Ce matin, je me suis réveillé septuagénaire (1). Aucune surprise. Je m'y attendais tout de même. Aucune modification non plus. Cette décennie n'a jamais marqué de frontière. Au XIXe siècle, c'était la cinquantaine qui servait de borne. Il s'agissait souvent pour les hommes, alors suralimentés, des classes bourgeoises de la dernière. Pour les femmes, la vie s'arrêtait à 40 ans. C'était alors la lutte pour la survie, du moins sociale. Aujourd'hui, la frontière se situe pour tout le monde (une forme d'égalité?) autour de 80. Après, il faut s'attendre au déclin, progressif ou rapide. Notez que comme partout il existe des chanceux. ce sont ceux qu'on nous montre en exemples. 

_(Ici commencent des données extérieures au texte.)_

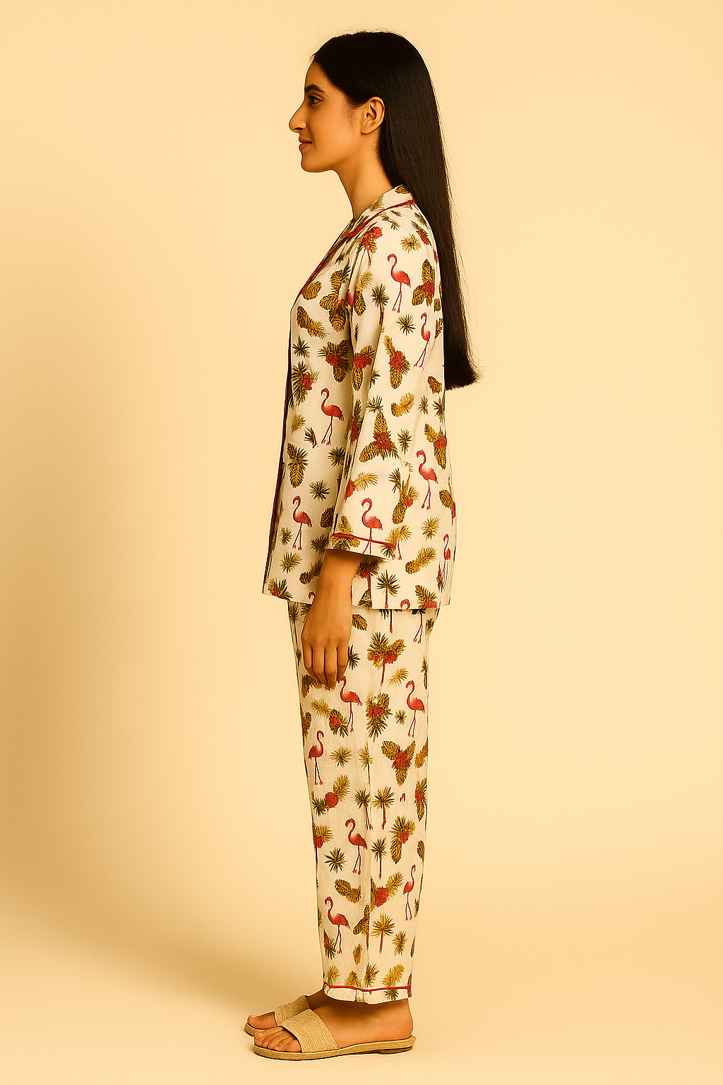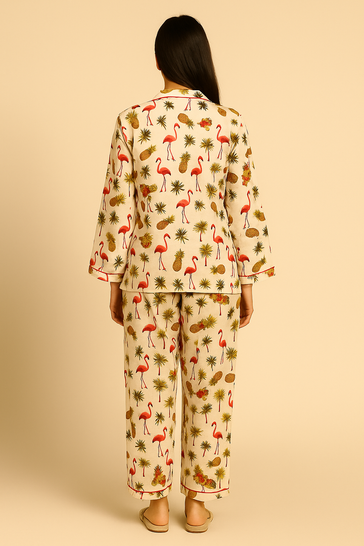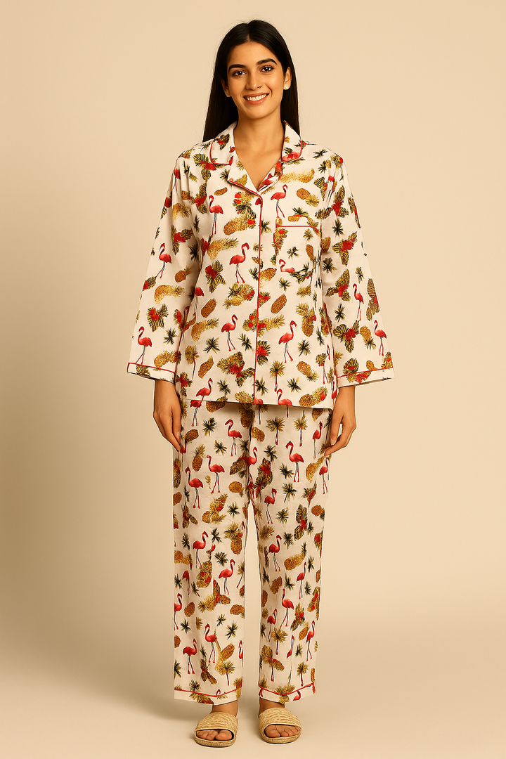 Tropical Snooze Print Long Sleeve Women's Night Suit

Je ne me suis pas mis à écrire pour parler méditer sur l'existence, la main posé sur un crâne, comme les Saint Jérôme et les Madeleine de la peinture classique. Mais j'éprouve tout de même l'envie de revenir sur les cinquante ou soixante ans écoulés. Ils ont modifié la vie tant quotidienne que sociale. Seule la fin du XIXe siècle, avec ses multiples inventions, avait donné un tel coup d'accélérateur à notre environnement physique et mental. Avec une nette différence cependant. L'avenir apparaissait alors radieux. Le futur fait aujourd'hui plutôt peur. Cela dit, il me semble clair que le passé se voit toujours embelli. On lui enlève ses taches. On le dépoussière. On le nettoie. C'était mieux avant. Une nostalgie que les progressistes haïssent. Et pourtant, quand je regarde dans le rétroviseur, je me demande si tout n'allait pas moins mal en 1958 ou en 1968.

Un cadre fixe 

58? 68? Je mélange en fait deux moments très différents. Les années 60 ont marqué un formidable glissement vers autre chose. Il y a eu un effet toboggan. En 58, la Suisse (restons local!) vivait dans un cadre fixe. Des règles existaient. Notons que celles-ci gardent un aspect rassurant. Ceux qui voulaient les contourner connaissaient au moins les dangers. Les Suisses demeuraient ainsi corsetés par la famille, l'armée, le syndicat, l'Eglise et, au départ, l'école. Pas question de «contester», ce mot-clef de Mai 68! L'enseignement demeurait magistral. Dans les deux sens du terme, d'ailleurs. J'ai eu des maîtres et des maîtresses (ces dernières s'arrêtant après les petites classes) de qualité. Le Collège (il n'y en avait alors qu'un à Genève, Calvin) se révélait même intéressant. On y apprenait des choses, en plus des valeurs. Il n'y avait pas que l'orthographe, qui n'avait à l'époque rien d'un marquer social. Je rappelle que selon une enquête récente les fils d'ouvriers faisaient cinq fois moins de fautes que les actuels universitaires issus des classes néo-bourgeoises, les bourgeoises tout court ayant quasi disparu vers 1990.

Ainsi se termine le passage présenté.